• _Information shown_
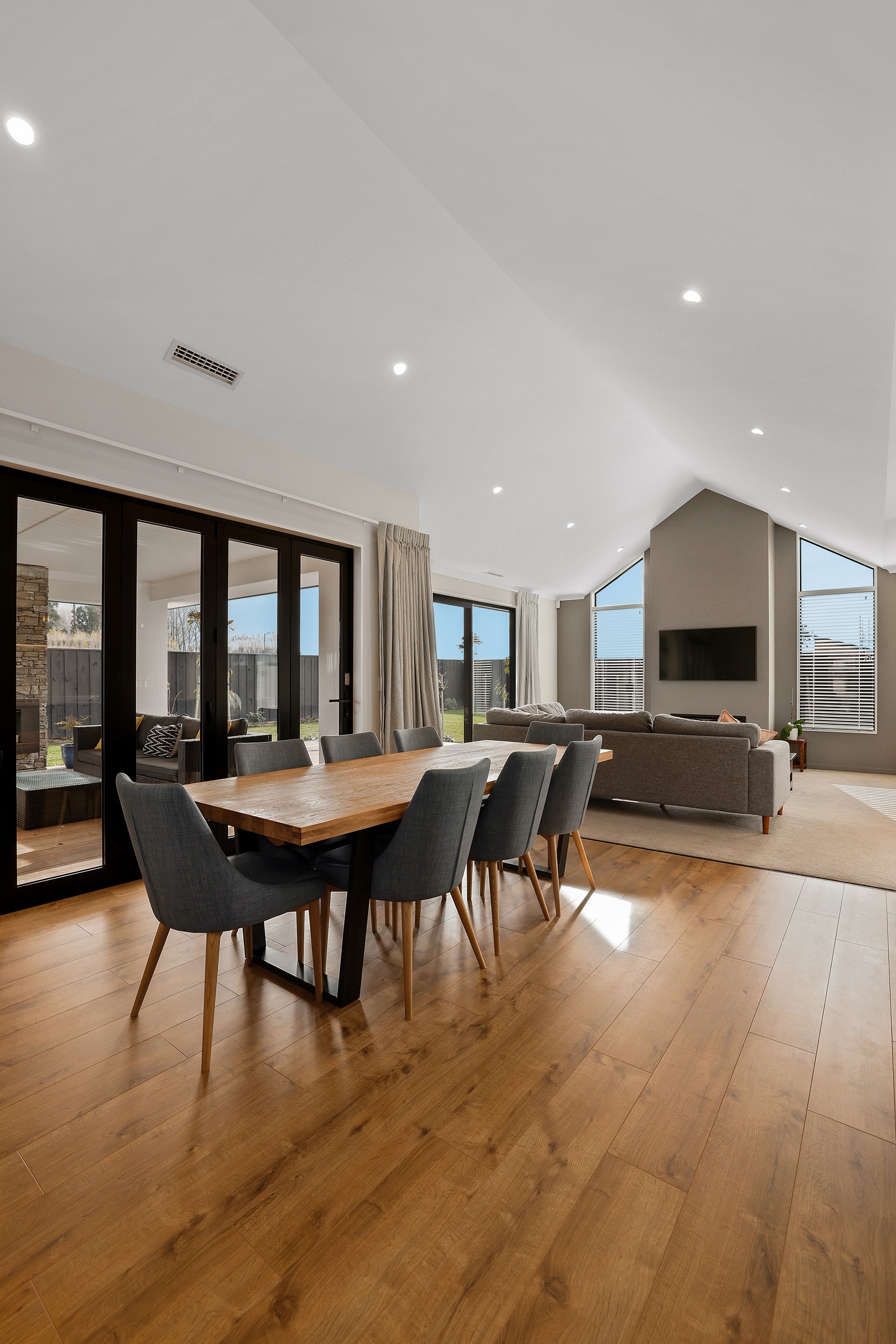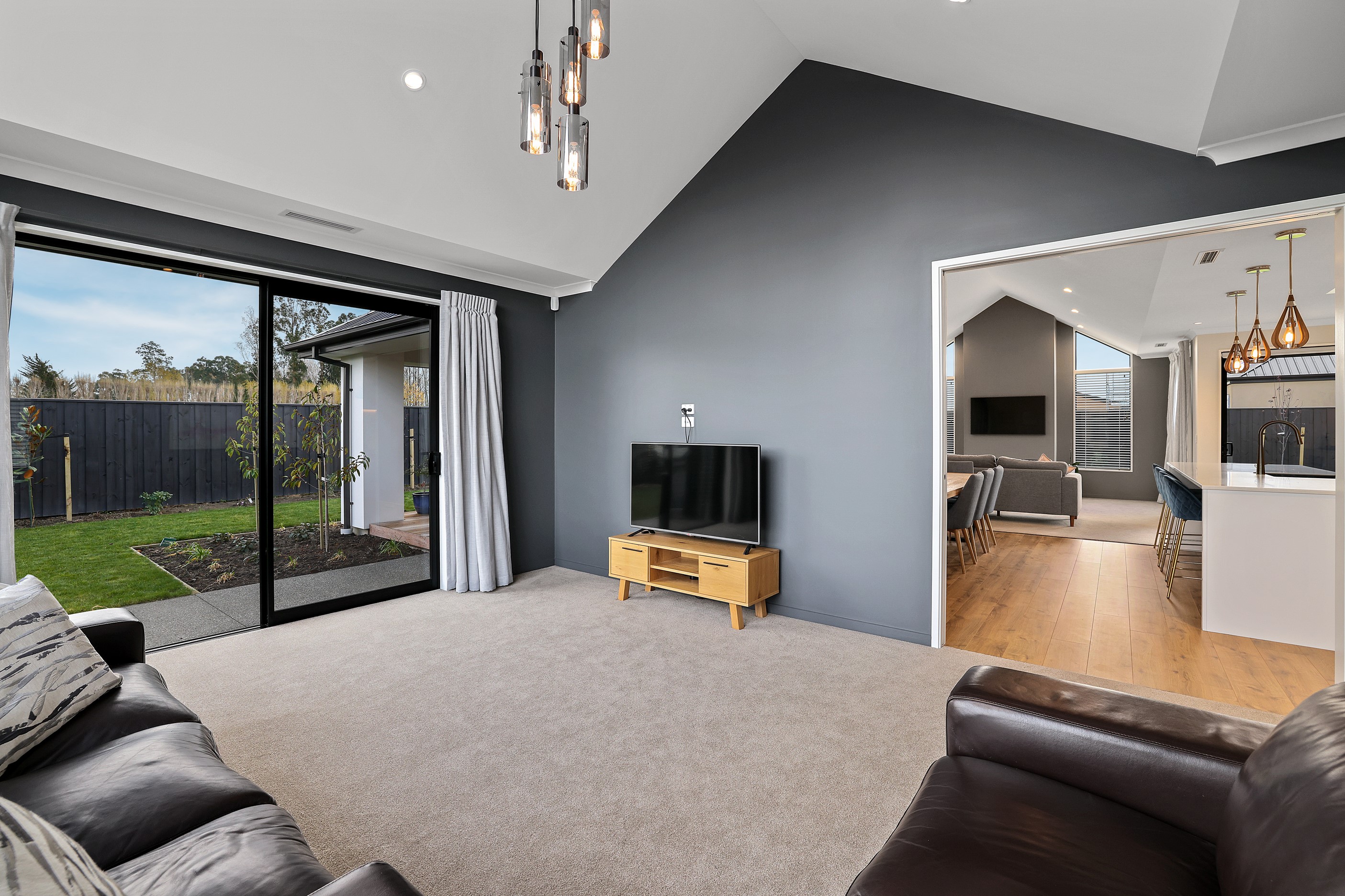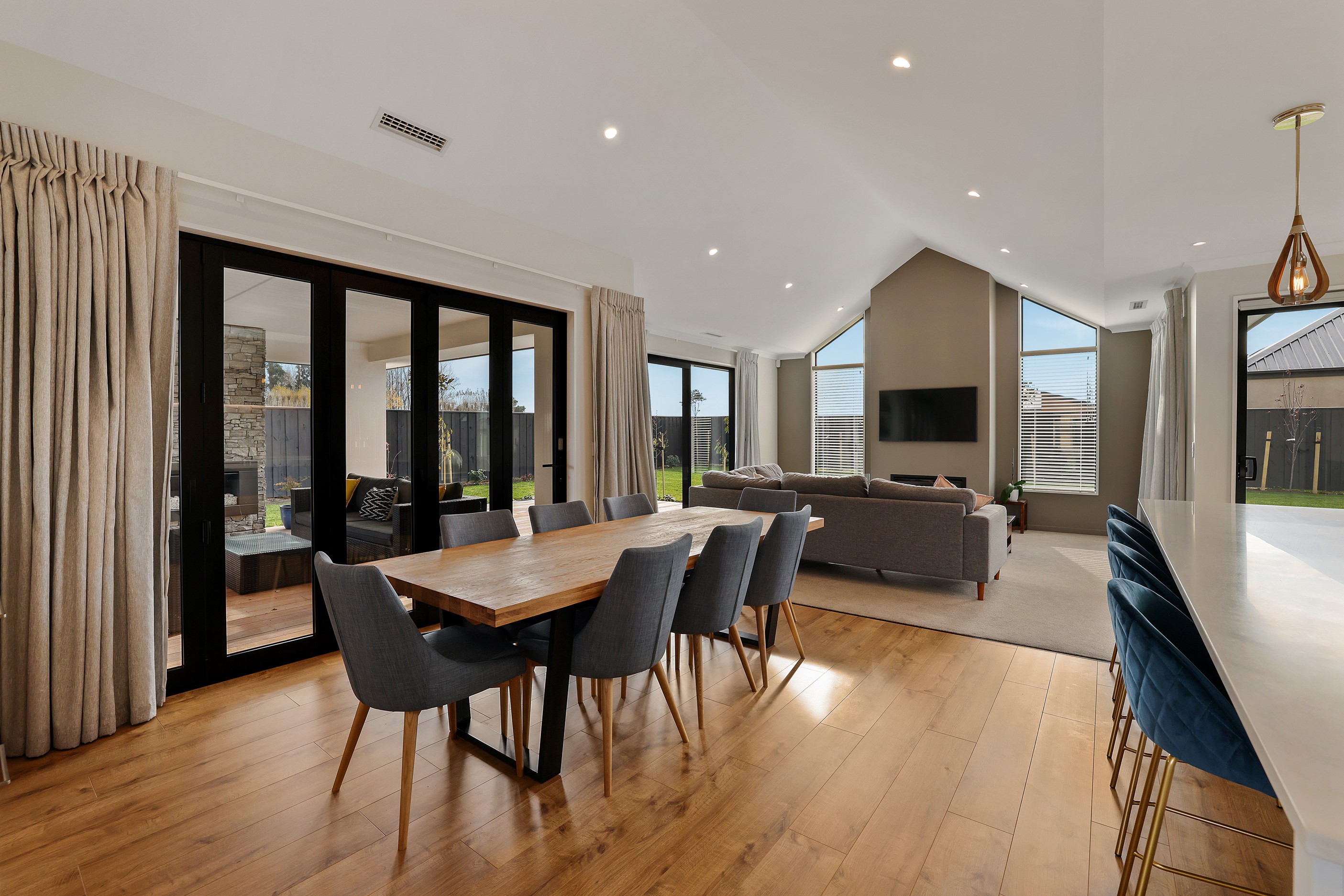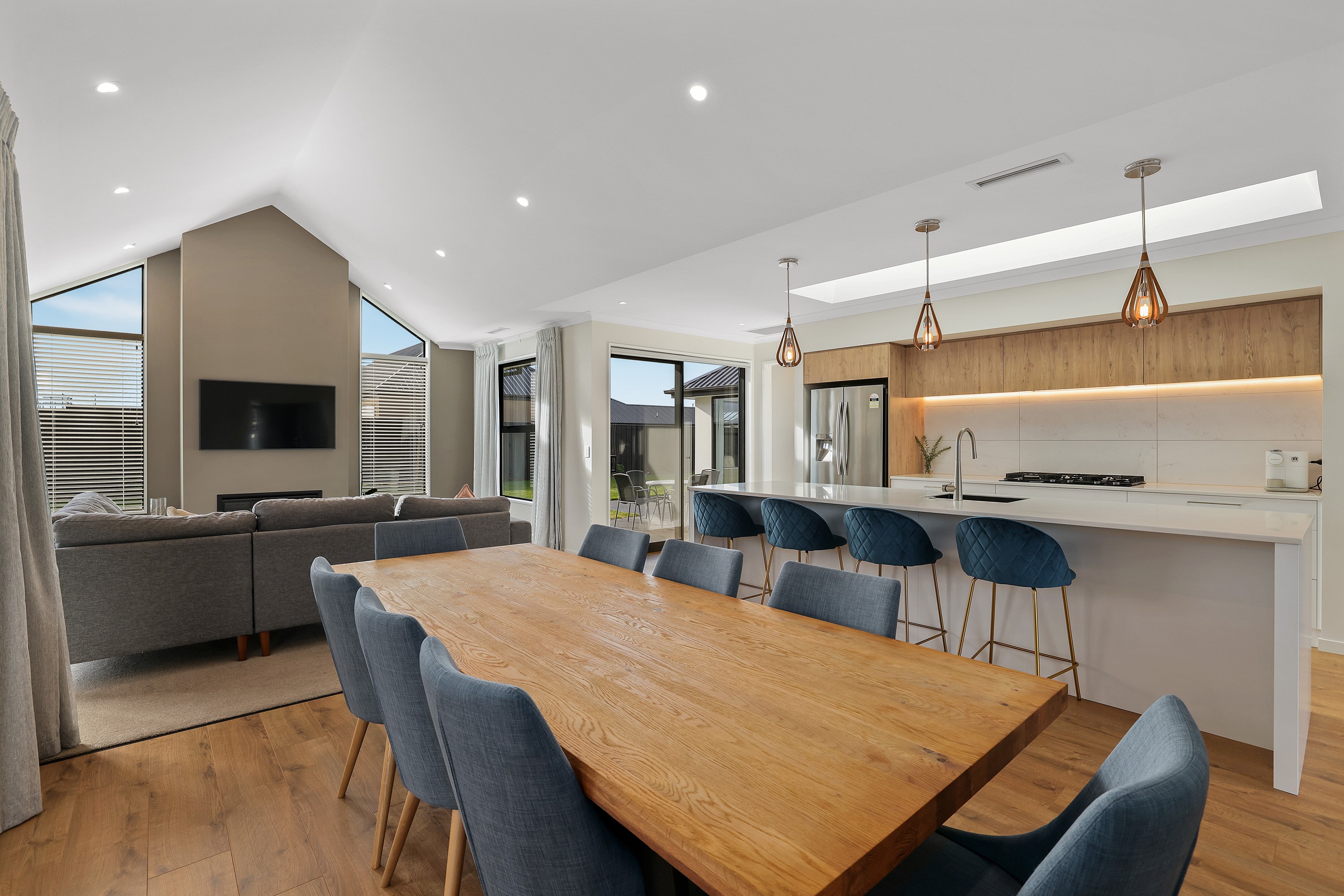 Elegant gable rooflines combine with crisp plaster cladding to create instant street appeal for this modern, stylish home. Feature schist and vertical cedar add to the exterior interest. The four-bedroom home offers 265sqm of floor area and has been designed to meet the homeowner’s brief. The living areas are light and bright with a raking ceiling, and the inbuilt gasfire creates a cosy haven in winter. An executive kitchen forms the heart of the open-plan living space and is complete with a generously sized walk-in pantry, expansive benches and plenty of natural light – thanks to large skylights and windows. A separate lounge adjoins the main living area and is complemented by raking ceilings and a full-height window overlooking the front of the property. Leading from the dining space is an inviting, covered alfresco area that features an outdoor gas fire with an attractive schist surround. The main suite is complete with a luxurious ensuite and walk-in wardrobe. A large family bathroom, separate toilet, laundry, and double garage complete the home.
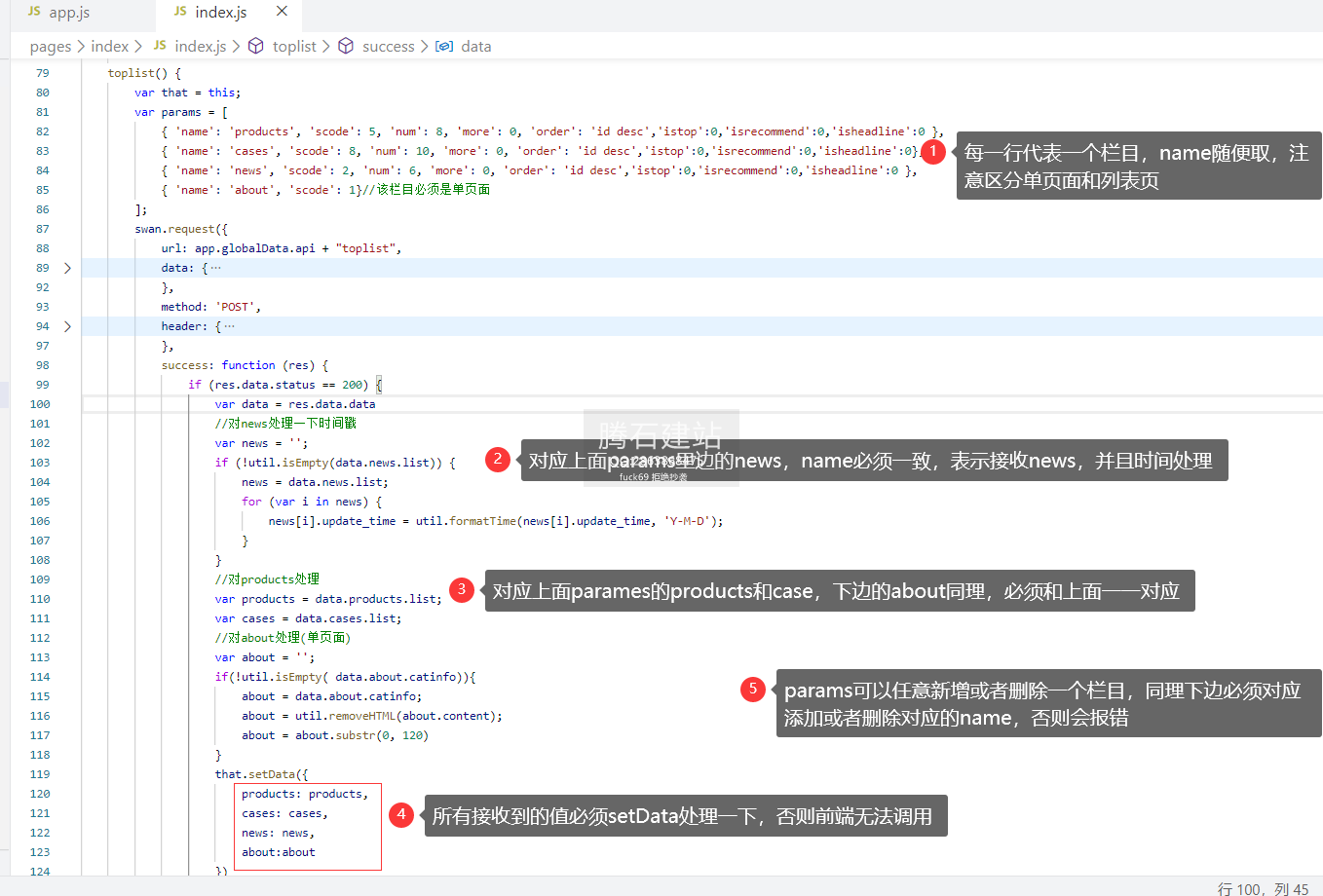/pages/下的每个文件夹代表一个独立的页面,其中swan是写div的,css是写css的,js是读取接口的,js中读取的接口必须用setData赋值一下,前端才可以调用,以上面的toplist获取的news为例:
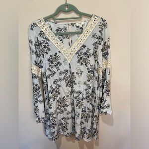 Umgee Embroidered Mini Swing Dress Blue Floral Bohemian Gypsy Cottagecore sz S
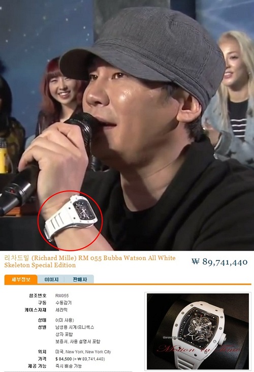 게시물에 따르면 이날 양현석이 차고 나온 시계는 R브랜드의 8천 만 원 대의 고급 시계이다.

• _Work to complete_
Transcribe the listing exactly; omit all images.

• _Reply to the exercise_
 Elegant gable rooflines combine with crisp plaster cladding to create instant street appeal for this modern, stylish home. Feature schist and vertical cedar add to the exterior interest. The four-bedroom home offers 265sqm of floor area and has been designed to meet the homeowner’s brief. The living areas are light and bright with a raking ceiling, and the inbuilt gasfire creates a cosy haven in winter. An executive kitchen forms the heart of the open-plan living space and is complete with a generously sized walk-in pantry, expansive benches and plenty of natural light – thanks to large skylights and windows. A separate lounge adjoins the main living area and is complemented by raking ceilings and a full-height window overlooking the front of the property. Leading from the dining space is an inviting, covered alfresco area that features an outdoor gas fire with an attractive schist surround. The main suite is complete with a luxurious ensuite and walk-in wardrobe. A large family bathroom, separate toilet, laundry, and double garage complete the home.
/pages/下的每个文件夹代表一个独立的页面,其中swan是写div的,css是写css的,js是读取接口的,js中读取的接口必须用setData赋值一下,前端才可以调用,以上面的toplist获取的news为例:
 Umgee Embroidered Mini Swing Dress Blue Floral Bohemian Gypsy Cottagecore sz S
 게시물에 따르면 이날 양현석이 차고 나온 시계는 R브랜드의 8천 만 원 대의 고급 시계이다.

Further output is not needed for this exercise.